**Exercise goal**
Whatever precedes the line containing "学校参赛团队提交的作品《智能" is not copied; that line and every line after it through the final one below are copied exactly, except pictures.

____________

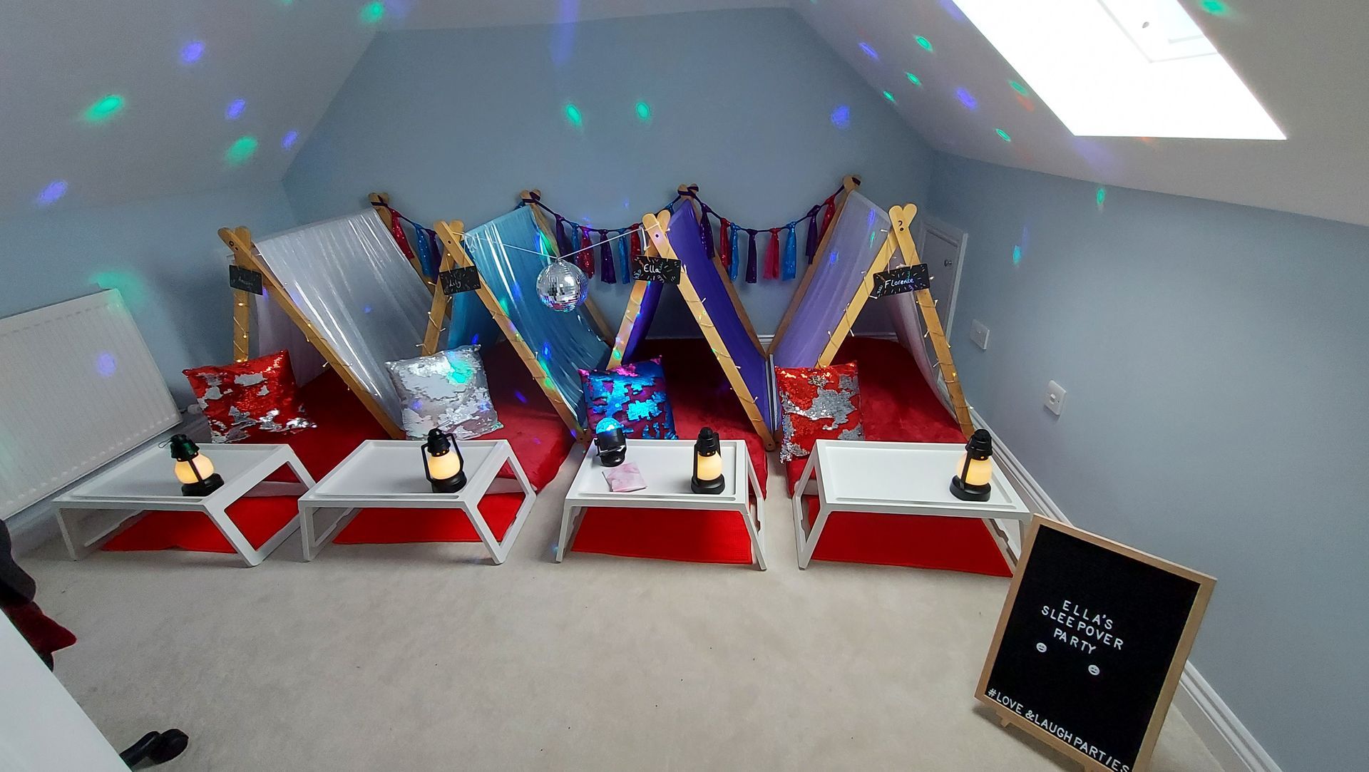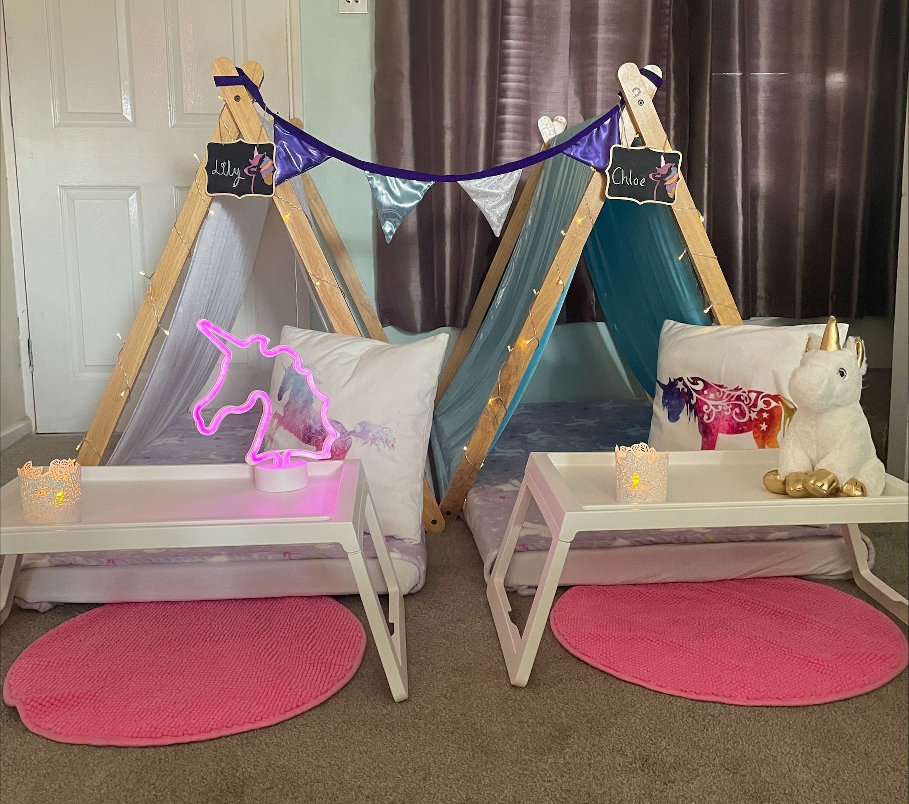 With Shimmering tent covers and bunting, cosy bedding, battery powered tea lights , breakfast trays, pink rugs, and a sprinkle of unicorn magic this is a perfect party for any unicorn lover.
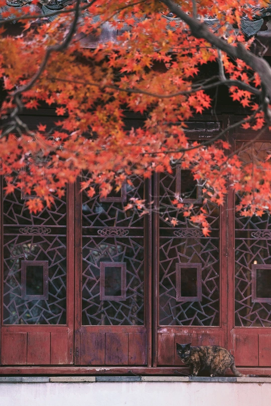这是留园的玳瑁猫“阿杂”,是“阿花”的女儿。她独霸一方红枫,快哉!
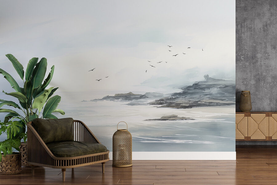 Μεταμορφώστε οποιοδήποτε δωμάτιο με αυτή τη μαγευτική τοιχογραφία, “Πουλιά που πετούν πάνω από μια βραχώδη παραλία”. Φανταστείτε να ξυπνάτε με τις απαλές αποχρώσεις του ωκεανού και αυτά τα ονειρεμένα πουλιά να πλέουν στον ουρανό. Είναι σαν μια μίνι-διακοπή στον τοίχο σας! Τα απαλά χρώματα δημιουργούν μια καταπραϋντική ατμόσφαιρα, ιδανική για έναν χαλαρό χώρο διαβίωσης ή ένα γαλήνιο υπνοδωμάτιο.
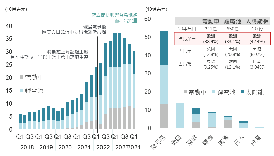 儘管歐美各國在政策上存在分歧,但在對中國態度以及科技產業的發展,態度卻是一致的。中國政府大力補助下的電動車、鋰電池和太陽能板產業已達到規模經濟,並在全球市場占據領先地位。近期美歐對這些領域的中國出口產品加徵關稅,雖然對中國經濟的影響有限,但也進一步限制中國的經濟發展,同時為全球經濟增長帶來了挑戰。
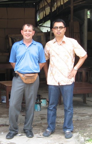 Mr. John Schaminee from Plantation Furniture & Antiques Cole Bay, St.Maarten Netherlands Antilles when inspected our workshop with Mr. Unggul (Owner) and Mr. Munan (QC staff)
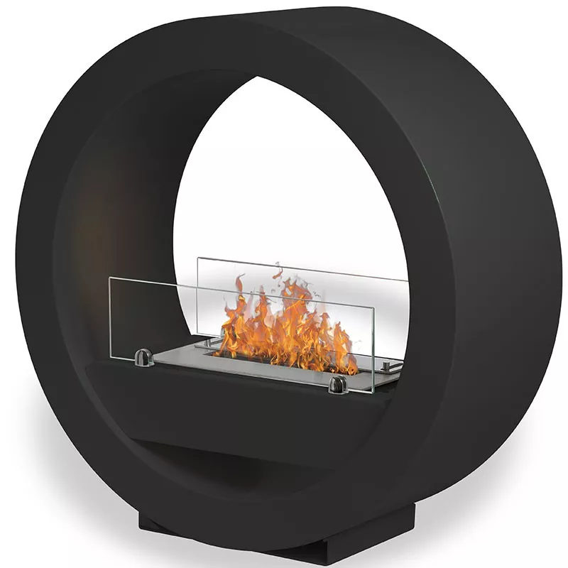 Izoa Svart är samma dekorativa bioetanolkamin i matt svart med rund form och elegant design. Den svarta ytan ger en sofistikerad kontrast till flammorna och gör modellen till ett fint designelement i vardagsrum, lounge eller andra sociala områden där du vill skapa mysig stämning och visuell värme.
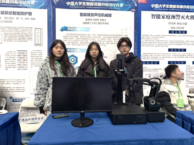 学校参赛团队提交的作品《智能视觉声控机械臂》,聚焦视觉系统在机械臂上的应用,查阅国内外相关文献200余篇,反复打磨设计方案,备赛期间,团队成员分工协作,利用假期及周末时间扎根实验室,完成零件3D打印、程序编写、整机调试等全流程工作,最终形成兼具创新性与实用性的优秀成果。决赛现场,学校学子凭借清晰的逻辑阐述、流畅的现场答辩以及作品稳定的性能表现,赢得了评审专家的一致认可。评审专家认为,该作品紧扣大赛主题,贴合实际应用需求,在技术创新与市场价值方面均具有较高潜力,充分体现了当代大学生的创新精神与社会责任感。
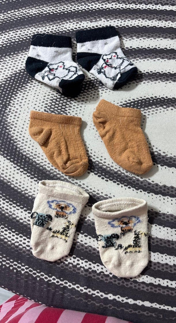 Nakışlı desenlere sahip, koyu kahverengi ve krem renklerinde üç çift erkek çocuk çorabı. Yumuşak ve rahat yapıda. 0-6 ay

____________

**Solution to the problem**
 学校参赛团队提交的作品《智能视觉声控机械臂》,聚焦视觉系统在机械臂上的应用,查阅国内外相关文献200余篇,反复打磨设计方案,备赛期间,团队成员分工协作,利用假期及周末时间扎根实验室,完成零件3D打印、程序编写、整机调试等全流程工作,最终形成兼具创新性与实用性的优秀成果。决赛现场,学校学子凭借清晰的逻辑阐述、流畅的现场答辩以及作品稳定的性能表现,赢得了评审专家的一致认可。评审专家认为,该作品紧扣大赛主题,贴合实际应用需求,在技术创新与市场价值方面均具有较高潜力,充分体现了当代大学生的创新精神与社会责任感。
 Nakışlı desenlere sahip, koyu kahverengi ve krem renklerinde üç çift erkek çocuk çorabı. Yumuşak ve rahat yapıda. 0-6 ay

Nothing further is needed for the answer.